We are going to measure the behavior for different data structures. By the time of the creation of this document we have the following data structures:

  • Lists of tuples for nodes and edges.
  • Pandas Dataframes for nodes and edges.
  • Dictionary for nodes and adjacency map (dictionary-based) for edges.
  • Numpy arrays for nodes and edges.

Scripts

NOTE: It is important to execute all the scripts from the folder scripts, by the time of creation of this file the code is not organized as a package.

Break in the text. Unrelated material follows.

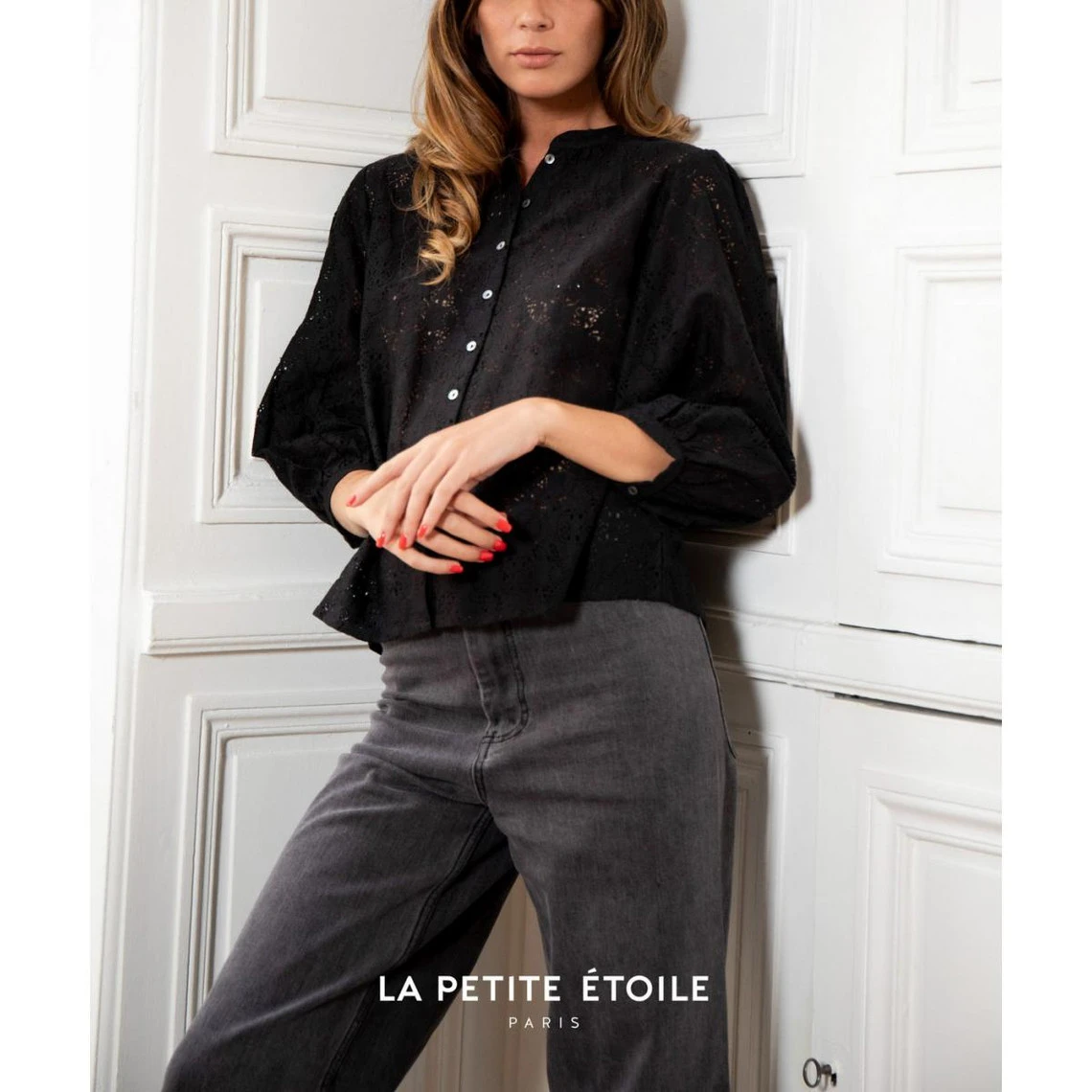 Décorée de dentelle fleurie, cette Blouse Cometa noire à manches ¾ ne peut que vous séduire. Elle est en plus embellie par ses fronces.
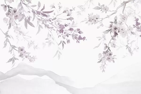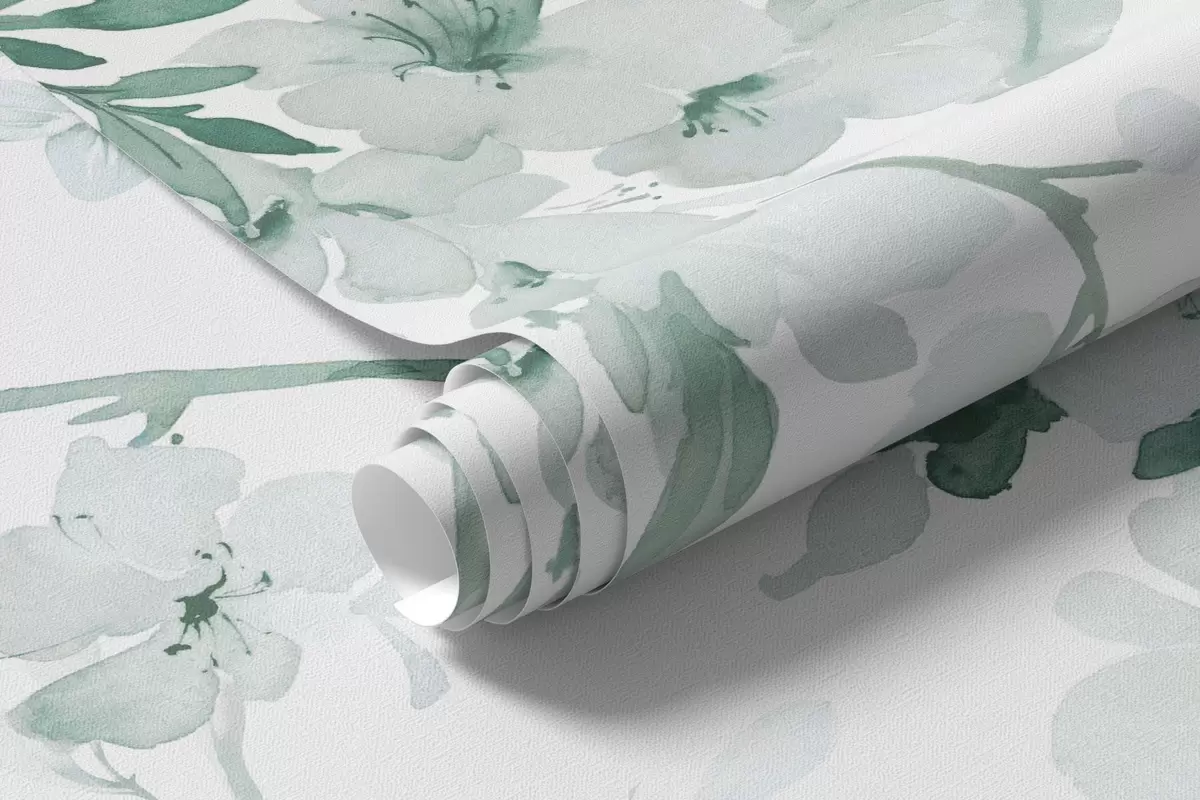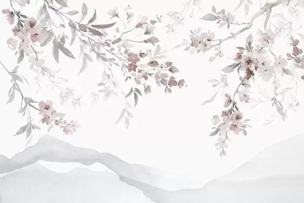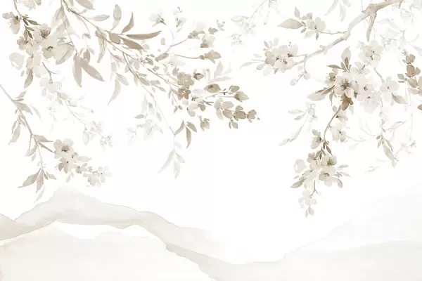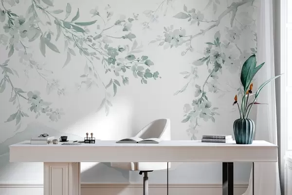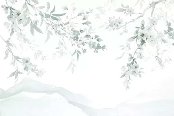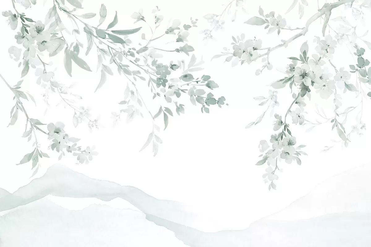 Фототапет Цъфтящи клони, имитация на акварел, зелени нюанси Nr w03935v3

To profile each pipeline depending on each data structure, open the corresponding script:

  • Lists: SC1_profiling_lists.py
  • Pandas Dataframes: SC2_profiling_pandas_dataframes.py
  • Dictionaries: SC3_profiling_adjacency_map.py
  • Numpy arrays: SC4_profiling_numpy_arrays.py

Instructions:

  1. Open the corresponding script.
  2. Navigate to the entry point of the script:
if __name__ == "__main__":
  1. Choose the profiler of interest:

    • option 1. Measure time with cProfile and memory footprint with Pympler at the same time. This is the most time consuming option.
    • option 2. Measure memory footprint with Memray only.
    • option 3. Measure time with cProfile only
  2. Change the filename of each file for nodes and edges, for simplicity you just need to replace the number in both filenames. For instance: 300, 600, 1200, etc. Check your dataset.